Durch eine etwas uneindeutig formulierte APA-Meldung, der ein Kommentar in der Presse nachsetzte, entstand der Eindruck, Bierlein habe die Erhöhung der Förderung eigenmächtig und womöglich zulasten anderer Subventionsbezieher durchgeboxt. Doch das ist nicht ganz richtig, wie KURIER-Recherchen ergaben. "Ich habe immer gesagt, dass die Erhöhung in Aussicht gestellt wurde", beteuert Coeln auf Nachfrage. Der Vollzug der Förderung stehe noch aus, man werde den formal korrekten Weg durchlaufen - "dass Frau Bierlein nicht einfach so eine Subvention vergibt, weiß ich".

"Verlust wichtiger Sponsoren"

Im Bundeskanzleramt erklärt man auf KURIER-Nachfrage, dass die Gespräche über die Institution eine längere Geschichte hätten. "Westlicht hat auf Ansuchen erstmals im Jahr 2018 eine Förderung erhalten. 2018 und 2019 wurden jeweils EUR 50.000.- zugesagt. Aufgrund der wirtschaftlichen Situation und dem drohenden Verlust wichtiger Sponsoren wurden bereits seit Monaten – also noch vor dem Amtsantritt der jetzigen Bundesregierung – intensive Gespräche zwischen Peter Coeln und der zuständigen Sektion im Bundeskanzleramt geführt", teilt eine Sprecherin von Minister Schallenberg mit. "Um den Fortbestand der national und international renommierten Institution nicht zu gefährden, hat das Bundeskanzleramt im Rahmen des Kunstförderungsgesetzes eine Erhöhung der Förderung für das Jahr 2020 in Aussicht gestellt."
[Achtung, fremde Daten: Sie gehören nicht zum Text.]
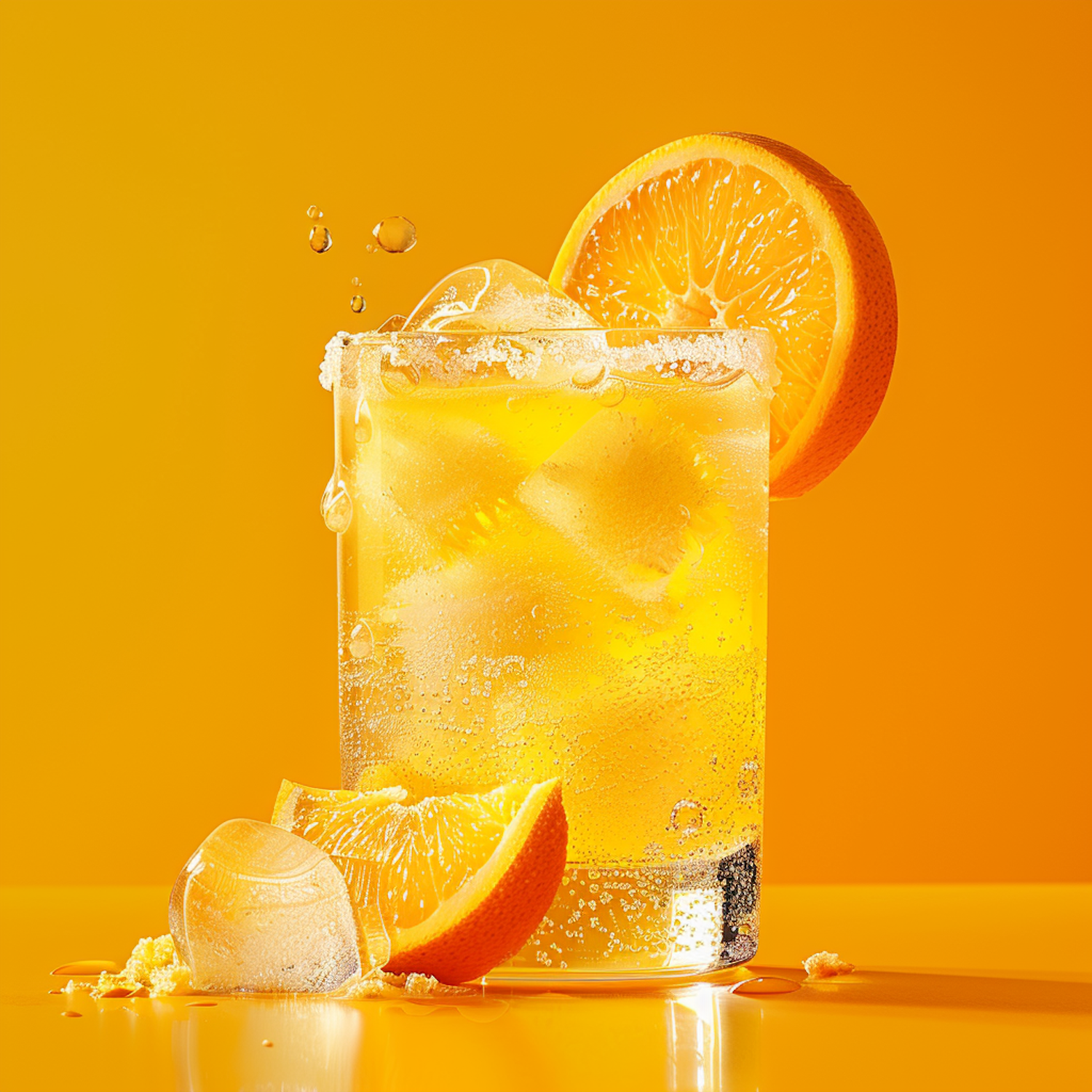 Refreshing orange soda with ice cubes and fresh orange slice against a vibrant orange background, evoking a summery vibe.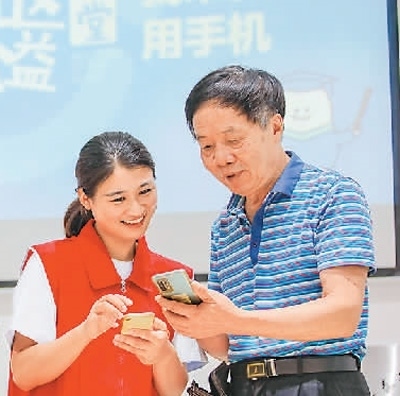 志愿者在福建省福州市鼓樓區(qū)安泰街道于山社區(qū)教老人使用智能手機。謝貴明攝(人民視覺)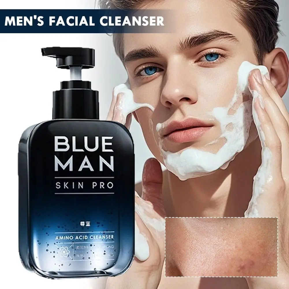 Blue Man Skin Pro Amino Acid Facial Cleanser Oil Control Blackhead Removal Pores Shrink Deep Cleansing Skin Care Men's Cleanser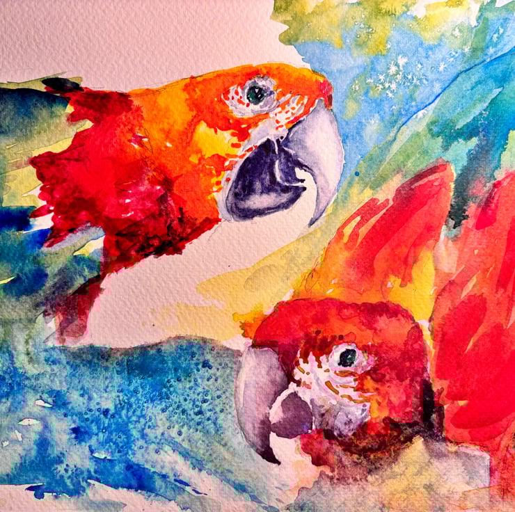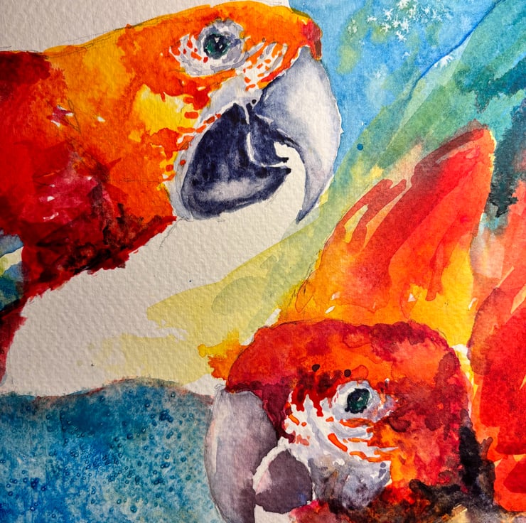 Two Macaws having a bit of a tiff. A lovely vibrant original watercolour on A4 watercolour paper, includes mount so it’s ready for your own frame!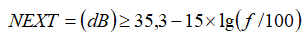 * Trong đó: K0 là suy hao công suất xuyên âm đo được tại tần số f0 và chiều dài L0; Kx là suy hao công suất xuyên âm đo được tại tần số fx; Lx = 100 m.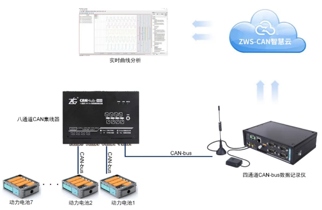 動力電池測試過程中,每個電池組的BMS都是相同配置(CAN協議報文完全相同),因此進行組合時需要進行區分管理。行業用戶可使用CANHub-AS8集線器進行組網區分。基于無人值守需求,ZLG致遠電子推出可遠程實時監控設備CANDTU-400EWGR,通過ZWS-CAN智慧云平臺對整個動力電池系統進行實時管理。

Bleibt das Bierlein-Porträt. Obwohl Coeln bekennt, dass die Unterstützungsbekundung der Kanzlerin ein "emotional freudiges Erlebnis" gewesen sei, will er das Foto nicht als Treibstoff für politische Gefälligkeit verstanden wissen - vielmehr sei es Teil eines längerfristigen Projekts, mit der historischen Kamera Porträts prominenter Persönlichkeiten anzufertigen (Coeln nutzt dazu allerdings nicht das historische Daguerreotypie-Verfahren, sondern moderne, auf die Kamera zugeschnittene Filme). Der Abzug, den er Bierlein "als Dankeschön fürs Modellsitzen, nicht für die Förderung" überreicht habe, habe einen Materialwert von rund 30 Euro. Bisher habe jedes seiner Modelle einen solchen bekommen. Seitens des Bundeskanzleramts wird dem KURIER versichert, das Bild gehe - wie jedes andere Geschenk an die Kanzlerin - in Bundeseigentum über.